What you will do:
Except for the pictures, reproduce the records word for word.

BEGIN Available data

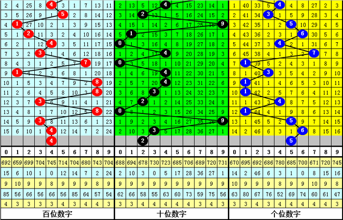 其中,百位奇偶比为6:6,大小比为6:6,本期百位一码参考4。
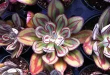 红艳辉又名红辉炎,景天科拟石莲花属的多肉植物。是锦晃星的杂交品种。株型呈莲座状,秋天会变红,很美丽的品种。栽培较为普遍,其肥厚、多肉的叶片布满了细短的白色绒毛,叶缘顶端的红色鲜艳夺目。 全部>>
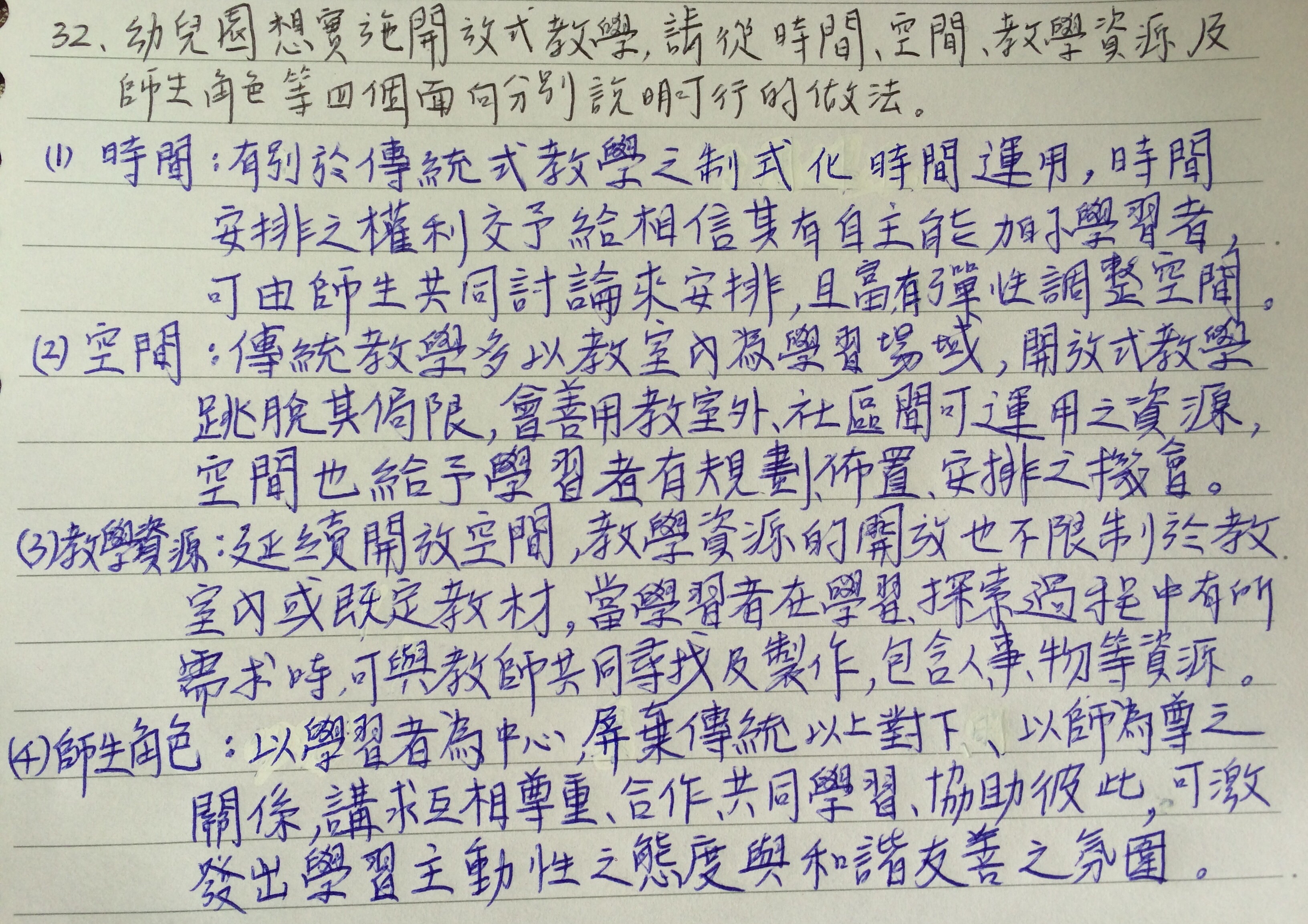 幼兒園想實施開放式教學,在時間、空間、教學資源及師生角色等四個面向茲分別 說明可行的做法:
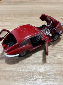 Modellino Corgi Toys 1/43 Jaguar E Type 2+2 del 1968 funzionante in tutto : sospensioni , portelli , cofano ant e post , sedili anteriori e ribaltina posteriore. Vernice con segni del tempo.
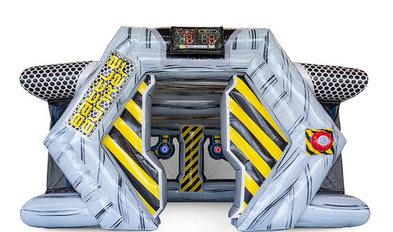 Arène gonflable équipée de 10 cibles lumineuses interactives. Soyez réactif et touchez les cibles de la couleur de votre équipe ! La cible touchée s'éteind et une autre s'allume de manière aléatoire. Vous ne pouvez pas avoir une visibilité sur toutes les cibles à la fois, vous allez donc devoir courir dans tous les sens pour tenter d’attraper le plus de cible possible. Le score de chaque équipe s'affiche sur l'écran de la valise intéractive placée à l'entrée.

END Available data

Result of the exercise:
 其中,百位奇偶比为6:6,大小比为6:6,本期百位一码参考4。
 红艳辉又名红辉炎,景天科拟石莲花属的多肉植物。是锦晃星的杂交品种。株型呈莲座状,秋天会变红,很美丽的品种。栽培较为普遍,其肥厚、多肉的叶片布满了细短的白色绒毛,叶缘顶端的红色鲜艳夺目。 全部>>
 幼兒園想實施開放式教學,在時間、空間、教學資源及師生角色等四個面向茲分別 說明可行的做法:
 Modellino Corgi Toys 1/43 Jaguar E Type 2+2 del 1968 funzionante in tutto : sospensioni , portelli , cofano ant e post , sedili anteriori e ribaltina posteriore. Vernice con segni del tempo.
 Arène gonflable équipée de 10 cibles lumineuses interactives. Soyez réactif et touchez les cibles de la couleur de votre équipe ! La cible touchée s'éteind et une autre s'allume de manière aléatoire. Vous ne pouvez pas avoir une visibilité sur toutes les cibles à la fois, vous allez donc devoir courir dans tous les sens pour tenter d’attraper le plus de cible possible. Le score de chaque équipe s'affiche sur l'écran de la valise intéractive placée à l'entrée.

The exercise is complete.